Ultimately, we are all busy buying and selling one another.
What we want is some sort of communism
Not based on wages, nor profits, nor any sort of buying and selling
But on a religion of life.
Lawrence was not a Socialist and, from a reading of his letters in terms of practical policies, very naive. But on the evidence before us his mind now and then flew on quite surprising social lines.

The nature of poetry wonderfully concentrates the mind, so what attempted in prose might be trite, in poetry achieves a cogent intensity. Critical accuracy is not important. If Lawrence says that "the root of our present evil is that we buy and sell", when in fact it is the ownership of property in the form of capital, this does not dampen its impact and essential social truth.

In the poem 'Kill Money' the literal interpretation is not the relevant point, more the power expression of working class life experience, that comes through.
Kill money, put money out of existence.
It is a perverted instinct, a hidden thought
which rots the brain, the blood, the bones, the stones, the soul.

Make up your mind about it:
That society must establish itself upon a different principle
from the one we've got now.

We must have the courage of mutual trust.
We must have the modesty of simple living.
And the individual must have his house, food and fire all free like a bird.
This theme is extended in 'Money Madness; to show how money comes into the way we estimate or value people, and the shame and stigma of poverty:
For mankind says with one voice: How much is he worth?
Has he no money? Then let him eat dirt and go cold.
And if I have no money, they will give me a little bread,
So I do not die,
But they will make me eat dirt with it.
There is also to be had a touch of William Morris's ideas on how important work is for people and how different it would be in a Socialist world. In 'Men Are Not Bad':
Men are not bad, when they are free.
Prison makes men bad, and the money compulsion makes men bad.
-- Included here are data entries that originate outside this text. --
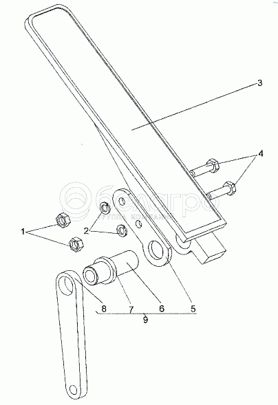 Каталог запасных частей к технике: МЗКТ-652511. Педаль с втулкой и рычагом 74133-1108006
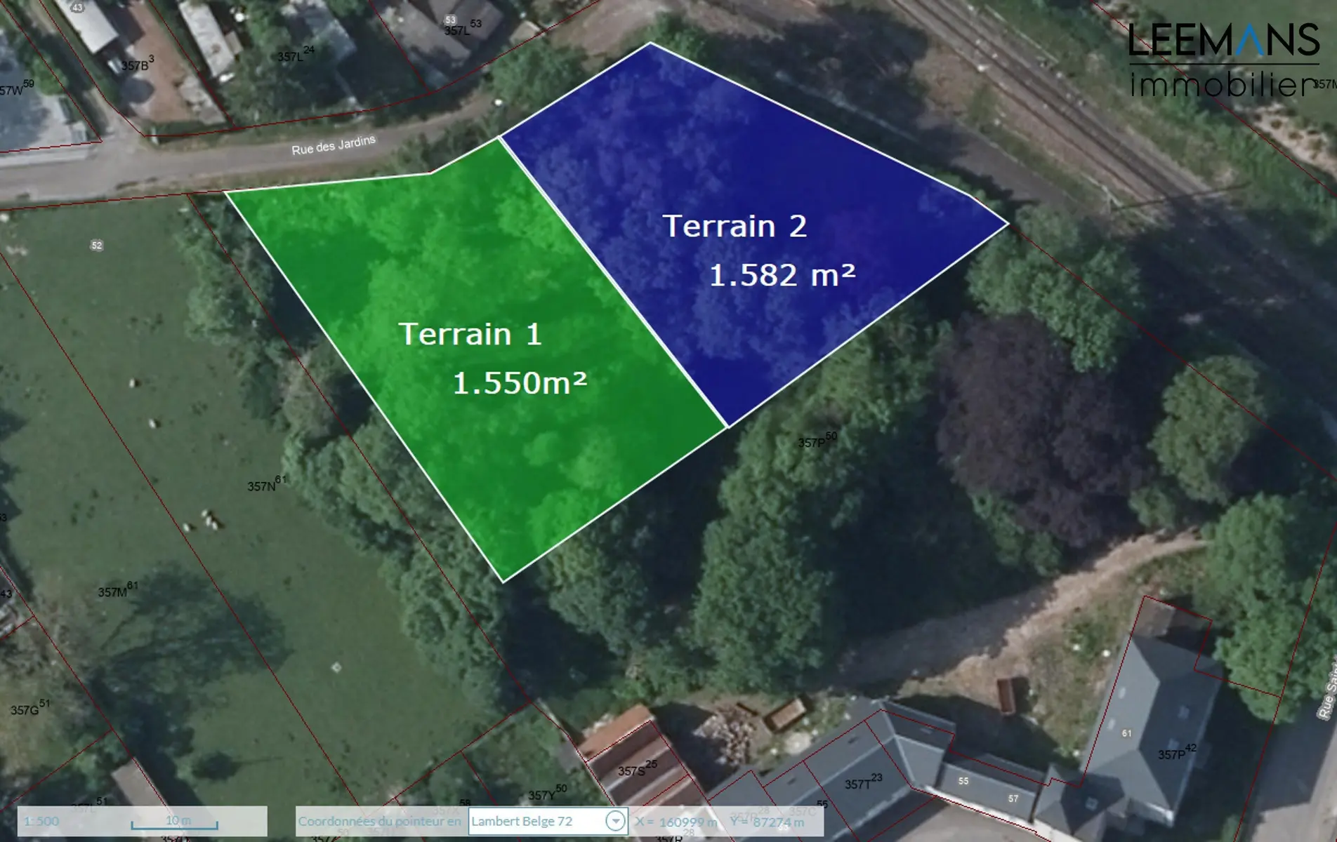 Venez découvrir ces deux magnifiques terrains à bâtir, sis rue des jardins, au bout d'une voie sans issue donnant sur la voie verte cyclo-piétonne.
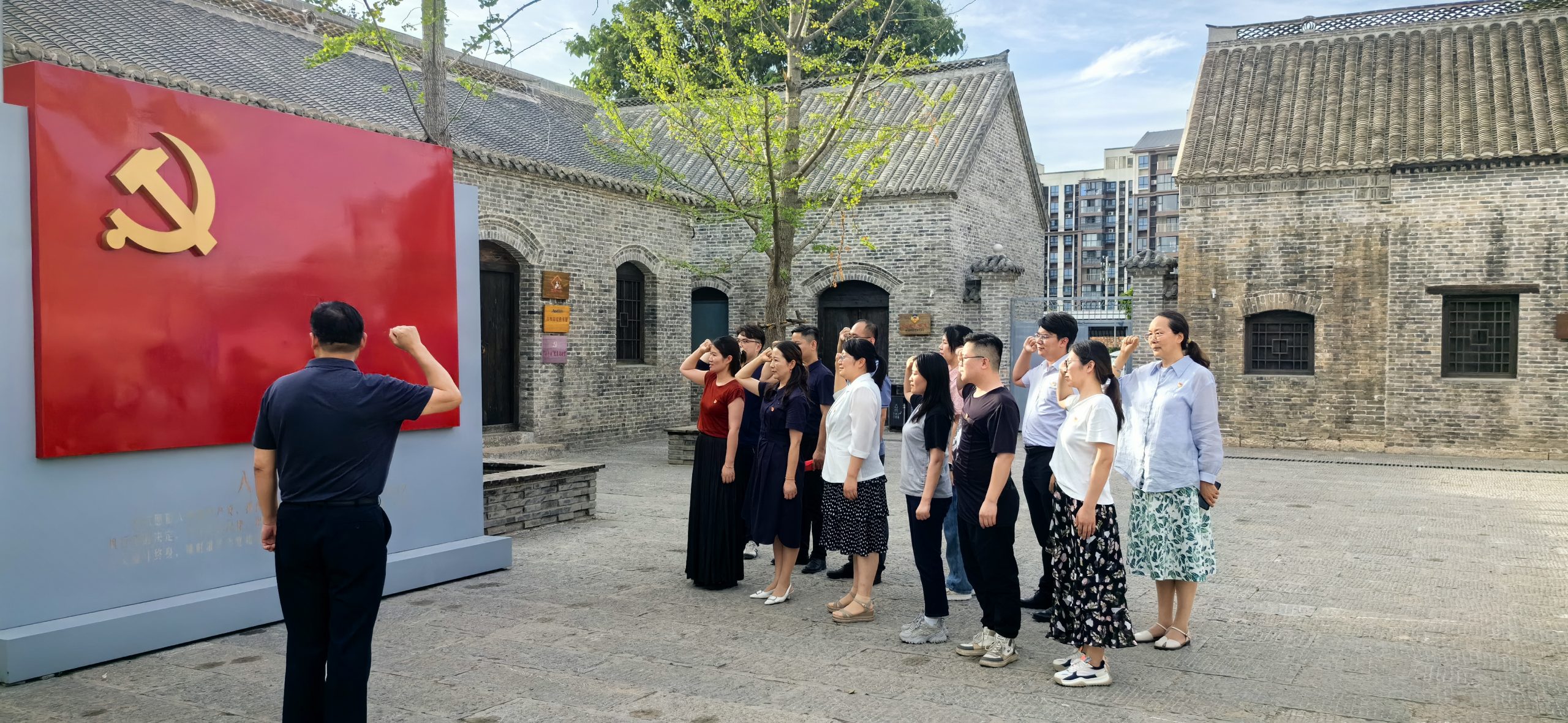 參觀之余,支部書記帶領(lǐng)全體人員重溫了入黨誓詞,面向黨旗、佩戴黨徽,拳拳誓言回蕩在小院上空。同志們紛紛表示,在這次活動中,再次深深體會到黨的優(yōu)良傳統(tǒng)和堅定的理想信念,要繼續(xù)弘揚光榮傳統(tǒng),賡續(xù)紅色血脈,從紅色基因、革命傳統(tǒng)中汲取精神力量和經(jīng)驗智慧,扎實做好各項上級安排的工作。
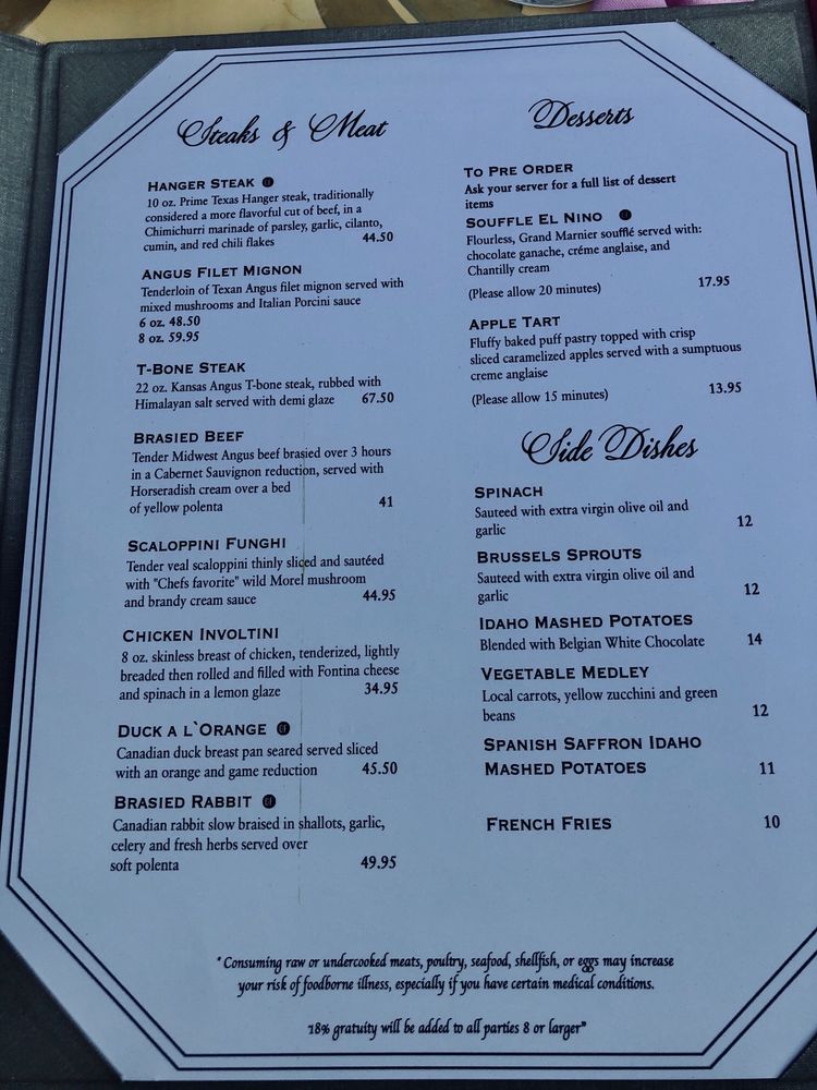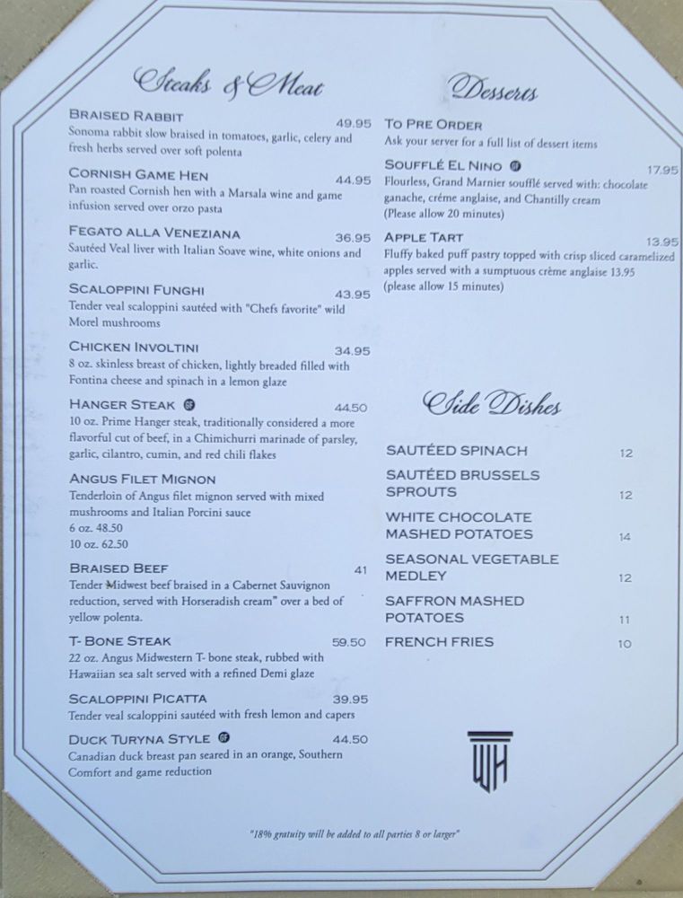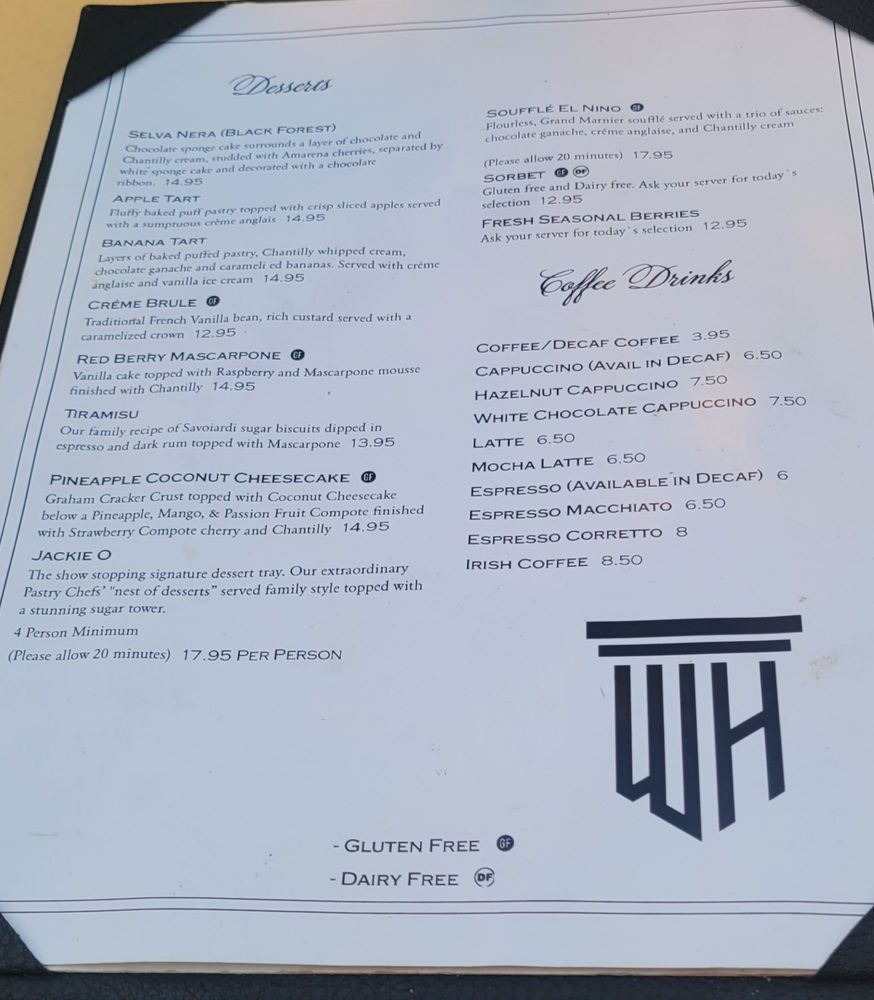 The show stopping signature dessert tray. Our extraordinary Pastry Chef's "nest of desserts" served family style topped with a stunning sugar tower. [ person minimum] [$. per person]

If men were free from the terror of earning a living
There would be abundance in the world
And men would work gaily.
Lawrence sees a distinction between work and labour. What comes through in the next poem is the social character of work, or rather, how the social relationships of work pronounce upon the way we view work and its effect upon our lives:
All that we have, while we live, is life;
and if you don’t live during your life, you are a piece of dung.
And work is life, and life is lived in work
unless you’re a wage-slave.
While a wage-slave works, he leaves life aside
And stands there a piece of dung.
Men should refuse to be lifelessly at work.
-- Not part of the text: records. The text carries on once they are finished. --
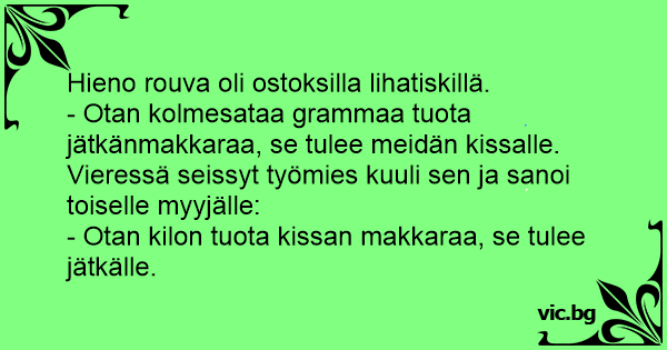 - Otan kolmesataa grammaa tuota jätkänmakkaraa, se tulee meidän kissalle.
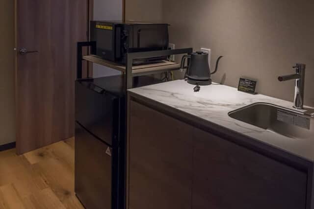 コーナーツインをはじめ、スタンダードツイン、ラグジュアリーツインの客室にはミニキッチンを備え、調理道具もそろっているので簡単な料理も作れます。
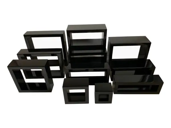 Ensemble de tablettes volumes pour vitrines de boutiques et bijouteries.
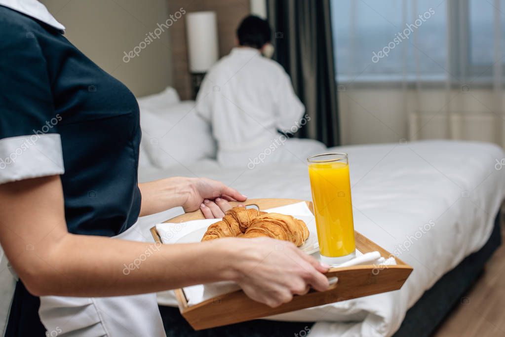 - cropped shot of maid in uniform holding tray with croissants and juice for hotel guest
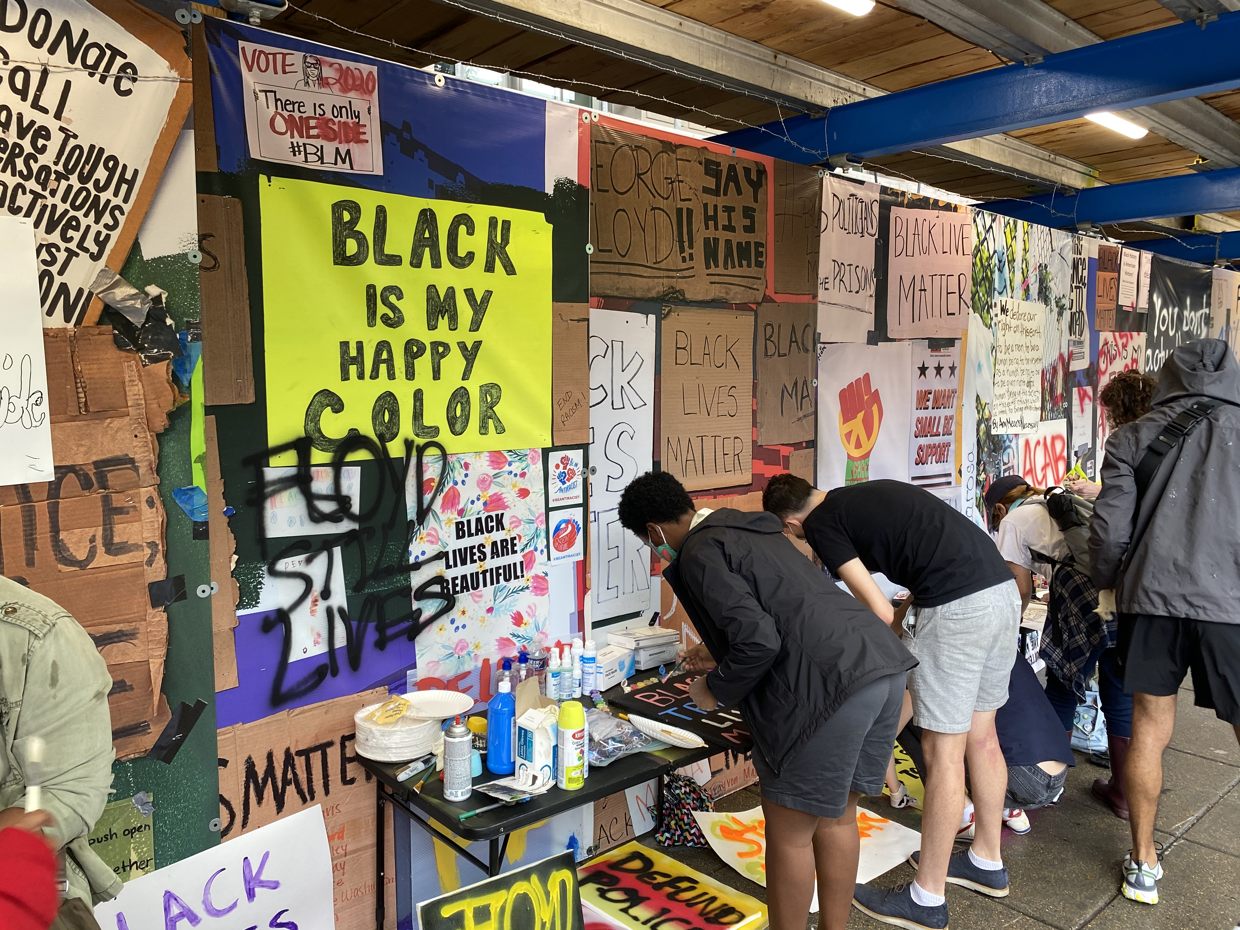 Under some scaffolding on H Street, steps from the giant, yellow block letters, a gallery of protest art sprung up depicting messages and images connected to the cause.

Men should refuse to be heaps of wage-earning dung.
Men should refuse to work at all, as wage-slaves.
Men should demand to work for themselves, of themselves,
And put their life in it.
For if a man has no life in his work, he is mostly a heap of dung.
The wages system is central to working class slavery and Lawrence could see in his poem 'Wages' the irony in the need to work for wages being presented as the freedom to obtain ones wants and needs, whereas it is in reality, vicious and constraining:
The wages of work is cash.
The wages of cash is want more cash.
The wages of want more cash is vicious competition.
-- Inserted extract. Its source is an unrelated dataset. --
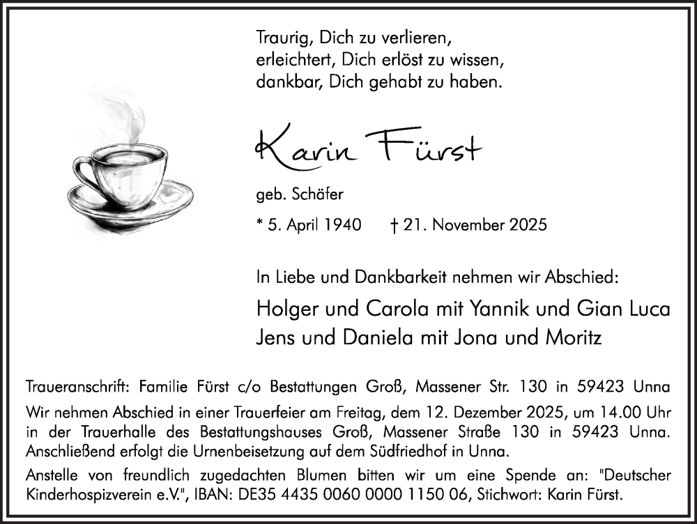 Hier finden Sie alle Traueranzeigen aus der Zeitung, die bisher für Karin Fürst erschienen sind. Weitere Traueranzeigen, die in der Zeitung erscheinen, werden hier ebenfalls aufgelistet
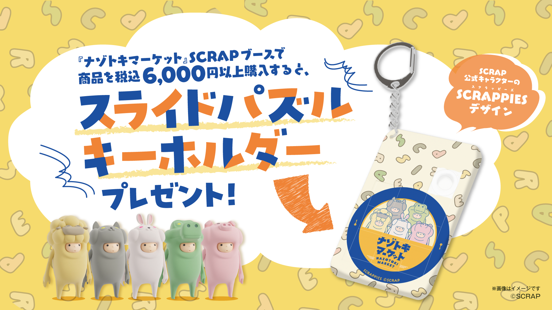 また、『ナゾトキマーケット』SCRAPブースにて本商品に限らず税込6,000円以上購入した方には、SCRAP公式キャラクターであるSCRAPPIES(スクラッピーズ)がデザインされた、スライドパズルキーホルダーをプレゼント。ここでしか手に入らない限定グッズです。

The wages of vicious completion is - the world we live in .
The work-cash-want circle is the viciousest circle
that ever turned men into fiends.
Lawrence's politics, whatever they were, are none but of academic concern. Occasionally, as mentioned earlier, he touched on politics in his letters, as in January 1921 writing from Italy to the author Eleanor Farjeon:
If I knew how to I'd really join myself to the Revolutionary Socialists now. I think the time has come for a real struggle. That's the only thing I care for: the death struggle. I don't care for politics, but I know there must and should be a deadly revolution very soon, and I would take part in it if I knew how.
Words indeed, but what do they mean? One could, of course, say the same of Lawrence's poetic writings, but at least we may take what we will and use their inspiration to illuminate—imagination to spark upon imagination. What any writer may intend in his work is of little importance. The act of presenting it to the world makes that world the heir and the interpreter, to make what it can from what it already knows and understands.